Inside a Bilingual Voice AI Call: How NuPlay Handles Mid-Sentence Language Switches

Over 41 million people in the US speak Spanish as their primary language. A large share of them also speak English - and when they're frustrated, confused, or simply more comfortable, they switch. Mid-sentence. Without warning. Sometimes mid-word.

‍

Contact centers have known this for decades. The response, for most of that time, has been to build two separate call flows: press 1 for English, oprima 2 para español. It works - badly. The caller who switches languages mid-call gets dropped into the wrong flow, gets routed to hold, or gets a robotic response that ignores the switch entirely.

Voice AI was supposed to fix this. It hasn't. Not because the idea is wrong, but because most platforms treat bilingual handling as a feature - a checkbox, a configuration option, a language selector in the builder settings. That framing is wrong. Bilingual voice AI is an infrastructure problem, and it requires an infrastructure solution.

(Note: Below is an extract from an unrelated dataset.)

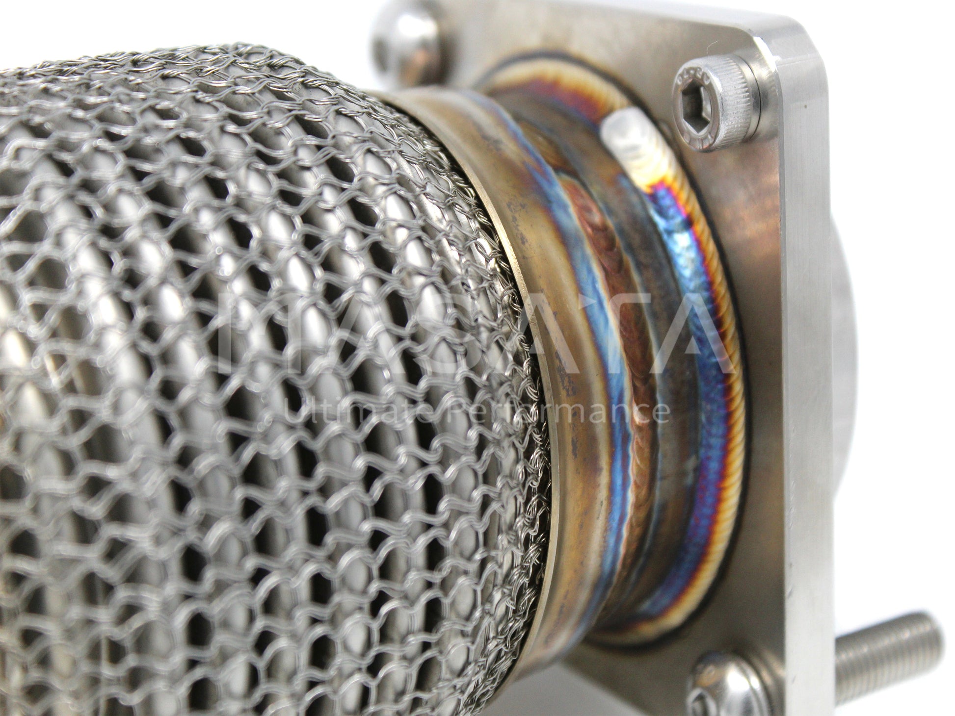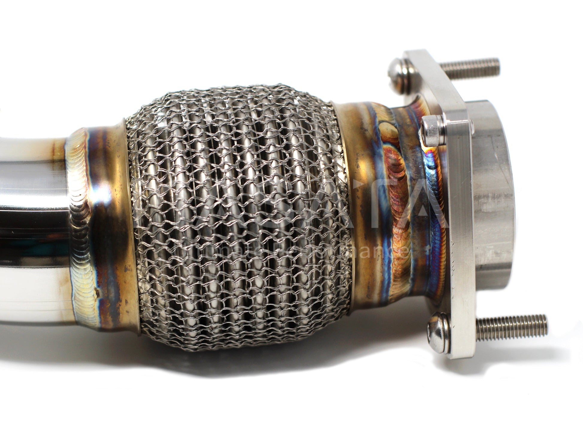 With the unique Masata flex section design similar to the flex section found on the OEM Downpipe, extreme heat produced by the turbo causing expansion which cracks the Downpipe is no longer an issue. The flex section also reduces stress of the turbo flange for a long lasting performance and eliminates unnecessary movements.
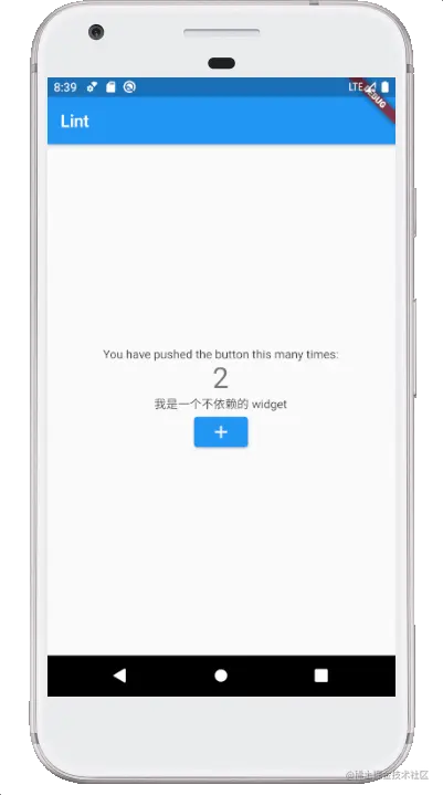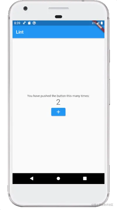 到这里计数器功能差不多就完成了,当我们点击浮动 + 按钮时,计数器的数值会累加,最后可以看到效果就是这样。

This is what that solution actually looks like.

‍

First, understand what's actually breaking

When an enterprise deploys a voice AI agent today, the bilingual problem shows up in three specific places. Each one is distinct. Most vendors only address one, if any.

‍

Problem 1 - The ASR layer can't hear the switch

Automatic Speech Recognition (ASR) is the layer that converts audio to text. Most ASR models are trained on monolingual data. When a caller says "I need help with my cuenta," a monolingual English ASR might transcribe it as "I need help with my cuenta" - or it might hallucinate an English word that sounds similar. "Counter." "Counted." The word gets lost before the AI has even started processing.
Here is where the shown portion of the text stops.